But he had asked her to marry him. Ten years ago. A lifetime ago. But he hadn’t meant it, hadn’t really wanted to.
Frederica felt a sharp stabbing in her head. The elves were armed now, abandoning their wooden shoes for swords. She’d like to join them, skewer Sebastian and Cameron Ryder with a rusty rapier so they would leave her alone. She would make her excuses to them in the library, spend the day in her room or roaming about outside if it didn’t rain again. Though if she could dislodge them from the library, she might work on the chapter discussing Phillip, Duke of Burgundy’s festival in 1453, where the knights swore before a pheasant on the banquet table that they would go on crusade. She swore before her partly eaten muffin she would undertake a crusade of her own to drive the men away if she could. Her writing deadline loomed.
She left Mrs. Holloway to her breakfast and Alice to her dishes, gingerly stepping through the corridors of the castle. With every step, her entire body ached. This was a hard lesson for her to relearn—clearly, she should never imbibe spirits. They wreaked havoc with everything. Once, they had made her feel invincible—sensual, daring, willing to seduce Sebastian no matter the cost.
Today, she was far from feeling powerful. And it was her day to wield control. The only thing she wanted to control was the covers as she crawled back in bed. Alone.

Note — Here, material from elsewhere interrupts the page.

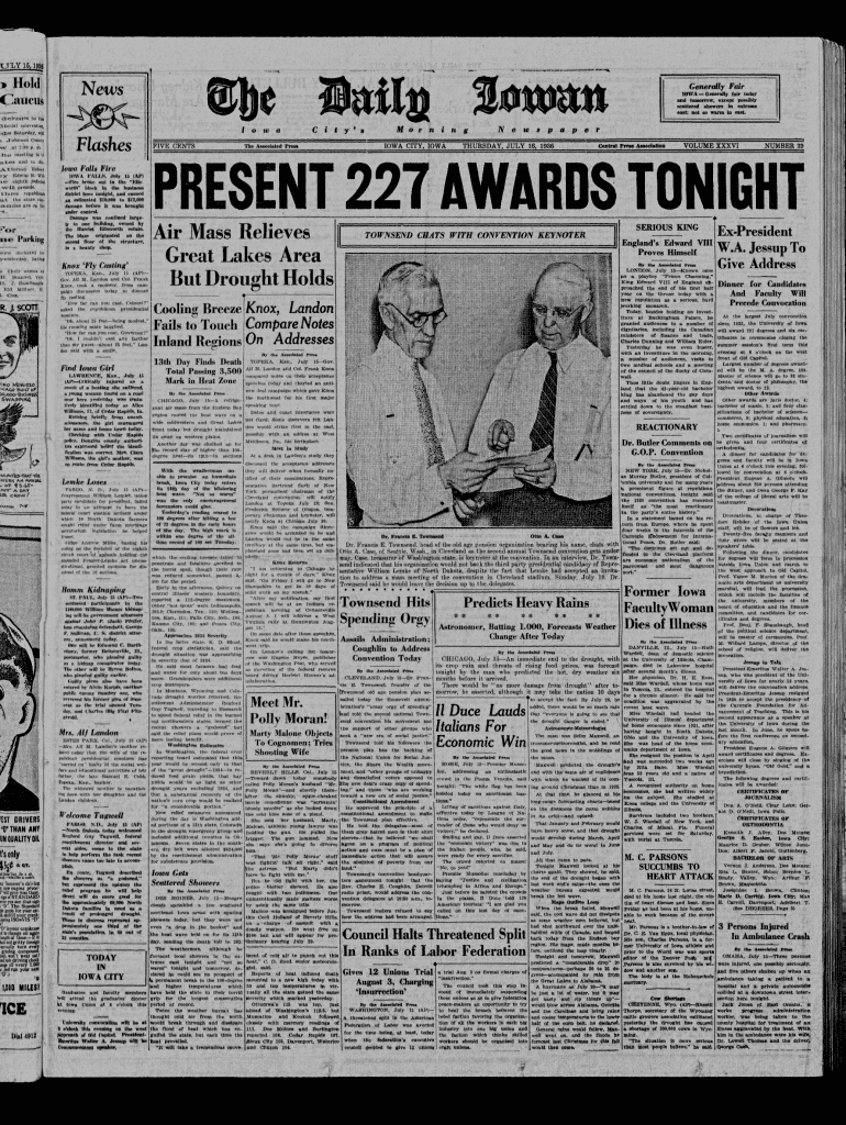 : HoldULY 16/1988. ...... \'to_ _ _ ..., _ _ _ ... .;.0..\"\" _News:aucusGenerally Fair IOWA OeD.e rall, faIr toda, and tomo,\"\"\", except POIl8Ib1, sca&teredeut; DOCd \'11to lh. 10.1 con ventlon, Id s Satu \"day, \'111 J ohnoon COunty VIT at 7 :30 p. m. h... meeting Is to atea one] to dis. A. t 10\"IIey Robert y Edwin B . IVII. E\' Igh tit Judicial \"\",1 11 preside. 1. h ree r epu bllcan u.t the state coo. a.ncleH are on th, t.wsnn In \" \' .l egat s\"orParking:nlowFlashes IOWA FALLS,

The men had pulled chairs up to the wide desk, leaving the old duke’s chair—her chair now—available. They rose again when she entered the room. Really, this show of gentlemanly courtesy was rather ridiculous. She waved them down and sat, folding her hands tight in her lap to keep them from shaking.
“Perhaps this isn’t the most convenient time for this,” Mr. Ryder said to Sebastian.
“I won’t give you more than a week. It began yesterday.”
A week? Frederica remembered that three days was set to be the limit of Mr. Ryder’s visit. “What is all this about?”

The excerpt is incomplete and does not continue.